Polish physicist and physical chemist (1886–1963)

Zygmunt Aleksander Klemensiewicz (Polish: ; 24 April 1886 – 25 March 1963) was a Polish physicist and physical chemist.
A graduate of the University of Lviv, he worked as professor at the Lviv Polytechnic and the Silesian University of Technology. Early in his career (working for Fritz Haber in Karlsruhe), he made a pioneering contribution to the development of the glass electrode.

== Life and career ==
Klemensiewicz was born on 24 April 1886 in Kraków, then part of the Kingdom of Galicia and Lodomeria, a constituent part of Austria-Hungary. His father, Robert, was a teacher of history and geography and a headmaster of a secondary school; his mother, Maria, was a translator from Scandinavian languages into Polish. From 1892 the family lived in Lwów. Already as a schoolchild, Klemensiewicz stood out for exceptional talent for learning. He finished the Hetman Stanisław Żółkiewski Gymnasium in 1902.
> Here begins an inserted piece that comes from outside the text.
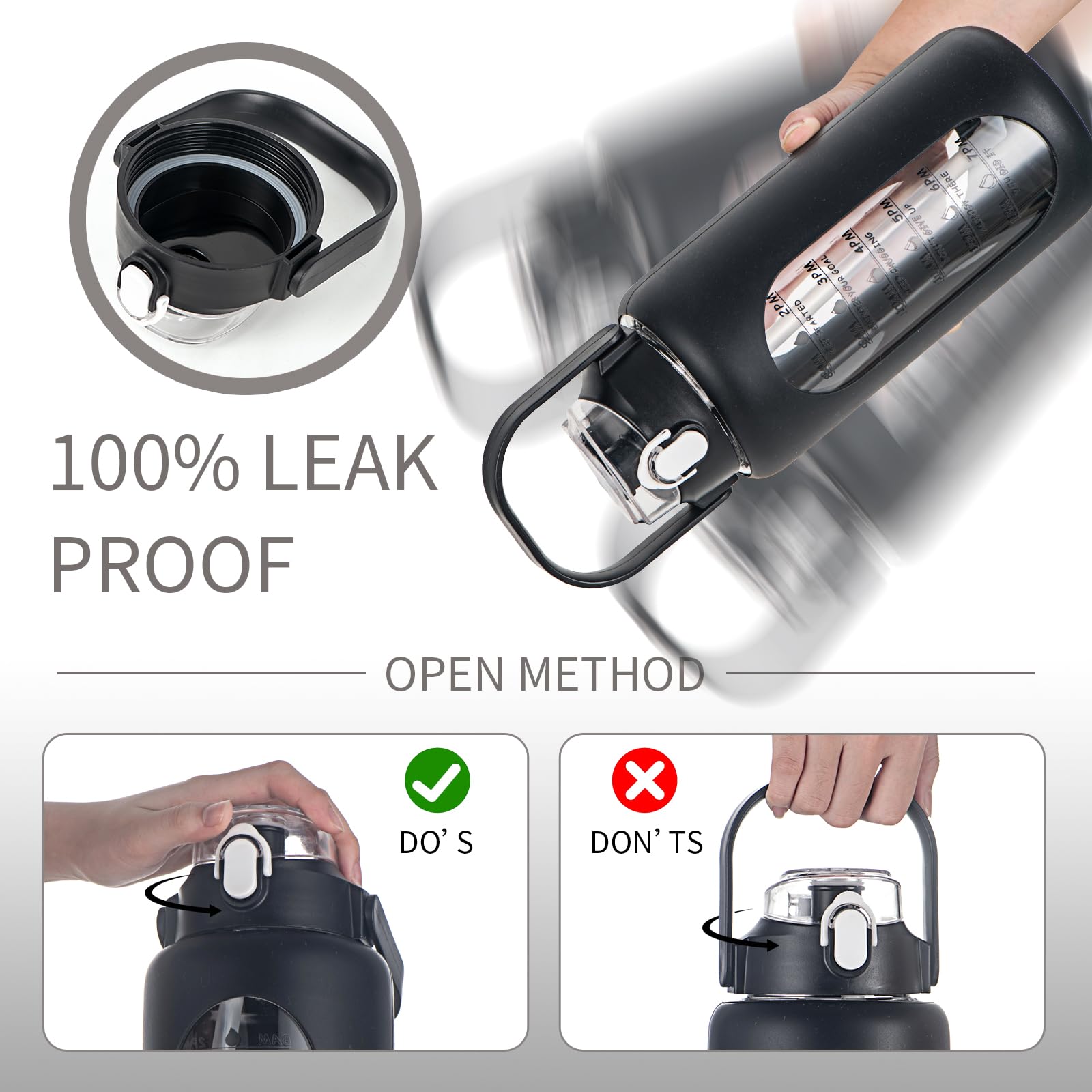 Die tragbare Wasserflasche mit Zeitmarkierung ist in einer Vielzahl von lebendigen Farben erhältlich, die nicht nur ein perfektes Geschenk für Ihre Familie und Freunde sind, um ihnen zu helfen, hydratisiert und gesünder zu bleiben, sondern auch ein perfektes Geschenk während Zeremonien wie Weihnachten oder während Mutter- und Vatertags. SIEROZUR verspricht, dass, wenn Sie mit unseren Produkten nicht zufrieden sind, wir Ihnen einen kostenlosen Rückgabe- oder Umtauschservice bieten können Glaswasserflasche mit Griffdeckel: Diese Wasserflasche verfügt über einen Pop-Up-Deckel mit Silikon-O-Ring, sicherem Verschluss und Staubschutz. Die große Glasflasche hat zwei Möglichkeiten, Wasser zu trinken. Glas-Wasserflasche, 1,8 l: Der Wasserkrug mit Strohhalm ist mit einer hochwertigen Silikonhülle ausgestattet, um die Wasserflasche vor leichten Stößen zu schützen. Glaswasserflaschen mit Zeitmarkierung: Die motivierenden Glaswasserflaschen mit Strohhalm halten 1,2 - 1,8 l Wasser, was 8 Tassen Wasser entspricht, die von Wissenschaftlern für menschliches Getränk pro Tag vorschlagen, sodass Sie sie nicht mehr häufig nachfüllen können. Glasflasche Mit Strohhalm SIEROZUR 1.8 L Glas-Wasserflasche Mit Strohhalm Und Griffdeckel, Halbe Trinkflasche Mit Strohhalm Glas Glas-Wasserflasche mit Schraubdeckel: Alles braucht besser in Glas, Zukro große 1,8 l Wasserflasche mit Strohhalm ist aus Borosilikatglas, entworfen mit einem verbesserten sicheren Schraubdeckel, der 100% dicht und staubdicht ist Es gibt sowohl einen Silikon-Trinkhalm als auch ein Loch, das direkt getrunken werden kann, was sehr bequem und schnell ist poweco Trinkflasche Glas 1,8L mit Strohhalm und Griff, 1800ml

In the years 1904–1908, he studied chemistry, physics, and mathematics at the Lwów University, where his professors included Wacław Sierpiński, Marian Smoluchowski, Stanisław Tołłoczko, Kazimierz Twardowski and Bronisław Radziszewski. In 1908, Klemensiewicz earned his doctorate under Tołłoczko based on his dissertation entitled Chlorek antymonowy jako rozczynnik jonizujący (Antimony Chloride as an Ionizing Reagent).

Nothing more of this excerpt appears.